Conseil commun de la fonction publique (CCFP) du 13 janvier 2026
Le 13 janvier 2026 un CCFP présidé par David Amiel ministre délégué chargé de la Fonction publique et de la Réforme de l’État a émis un avis sur un projet de loi et 2 décrets. Avant le début des travaux, la ministre de l’Action et des Comptes publics est venue personnellement prononcer un hommage très émouvant à Mylène Jacquot décédée en décembre 2025. Elle a ensuite cédé la parole à Laure Revel secrétaire générale de la CFDT Fonctions Publiques, avant d’inviter toutes les personnes présentes à observer une minute de silence.
Les projets de texte présenté par le ministre ont reçu un avis favorable de la majorité des votants.
Projet de loi de sécurisation du droit de la Fonction Publique : les articles soumis à l’examen du CCFP concernent la pérennisation de la titularisation des apprentis en situation de handicap, après évaluation de leurs compétences par une commission ; permettent à bénéficier pour des personnels concernés, d’un contrat à durée indéterminé au terme de six années de service public ; reconnaissent le droit de se taire pour les agents qui passent en conseil de discipline; remédient par voie d’ordonnance aux erreurs de codification du code général de la fonction publique ; rétablissement des conditions de nominations des conseillers-maîtres de la Cour des comptes.
Projet de décret relatif à l’information des bénéficiaires du droit au report de congé annuel dans la fonction publique : il s’agit d’adapter le droit français à une directive européenne.
Projet de décret qui prévoit de déroger à l’obligation de publicité d’un poste vacant en cas de reclassement d’un agent inapte.
Les messages du ministre aux organisations syndicales et aux employeurs publics
Le ministre a souhaité que l’année 2026 soit utile pour les agents, les employeurs publics et les usagers.
Il a décrit la concertation en trois niveaux.
Le premier niveau est celui du quotidien des agents, de l’égalité professionnelle, de la protection des agents, de la santé au travail ;
Le second niveau est pluriannuel. Un cycle sur les carrières de rythme mensuel et la participation à la conférence « travail, emploi, retraites » qui ne doit pas se limiter au secteur privé ;
Le troisième niveau porte sur la revue stratégique de la fonction publique à l’horizon 2035-2050 ;
David Amiel a également détaillé l’agenda social du 1er semestre 2026 :
1. L’amélioration de la vie quotidienne des agents
L’amélioration du logement dans les grandes villes, l’outre-mer, les départements frontaliers. Il s’agira notamment d’identifier les territoires prioritaires afin de mobiliser les préfets ;
Le numérique et l’intelligence artificielle (IA). Il convient d’éviter trois risques : l’IA clandestine (ChatGPT), le manque d’outils au travail et l’IA déshumanisante ;
La protection des agents. Le processus législatif sera relancé pour protéger les agents contre les incivilités, les menaces et les agressions ;
La santé au travail ;
La protection sociale complémentaire. L’objectif est la généralisation aux 3 versants de la Fonction Publique. La fonction publique hospitalière doit avoir bouclé « la négociation » à la fin du mois d’avril 2026 pour une mise en œuvre au 1er janvier 2027.
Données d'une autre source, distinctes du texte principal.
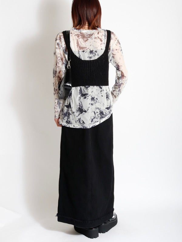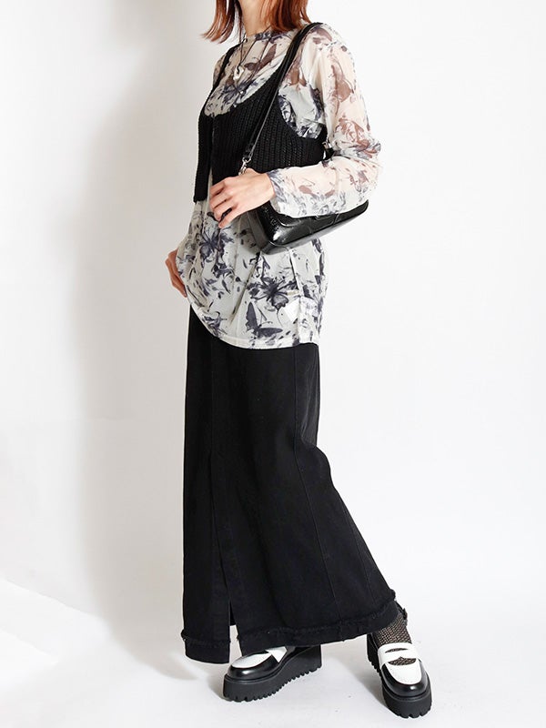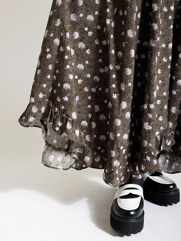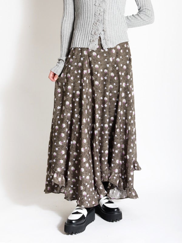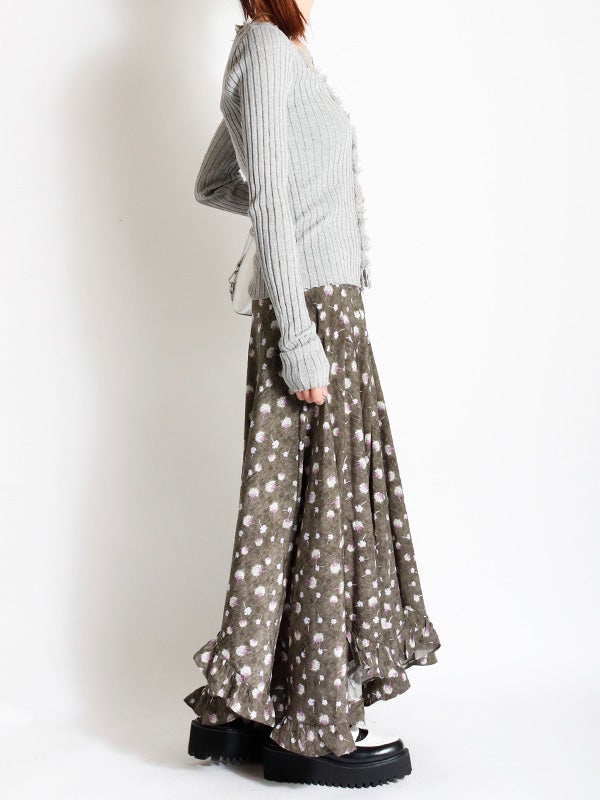 アシンメトリー花柄ロングスカート

2. Les chantiers structurants
Égalité professionnelle. Le nouveau thème de la santé des femmes doit être intégré dans un accord renouvelé ;
Les carrières et les rémunérations doivent faire l’objet de négociations. Les taux de promotions en C et en B à l’État seront améliorés.
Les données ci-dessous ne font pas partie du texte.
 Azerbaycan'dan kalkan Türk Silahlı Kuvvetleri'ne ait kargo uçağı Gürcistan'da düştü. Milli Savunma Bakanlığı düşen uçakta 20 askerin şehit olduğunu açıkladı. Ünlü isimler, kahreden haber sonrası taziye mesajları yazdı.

Comme l’a souligné la CFDT, et évidemment le ministre l’a reconnu, pour mettre en musique ces annonces, le Parlement doit voter un budget pour la France avant la fin de ce mois de janvier.
Ce premier CCFP de l’année 2026 n’a pas fait l’objet de tensions particulières, mais les organisations syndicales sont restées sur leur faim en ce qui concerne la revalorisation du point d’indice et la remise en fonction de la garantie individuelle du pouvoir d’achat (GIPA).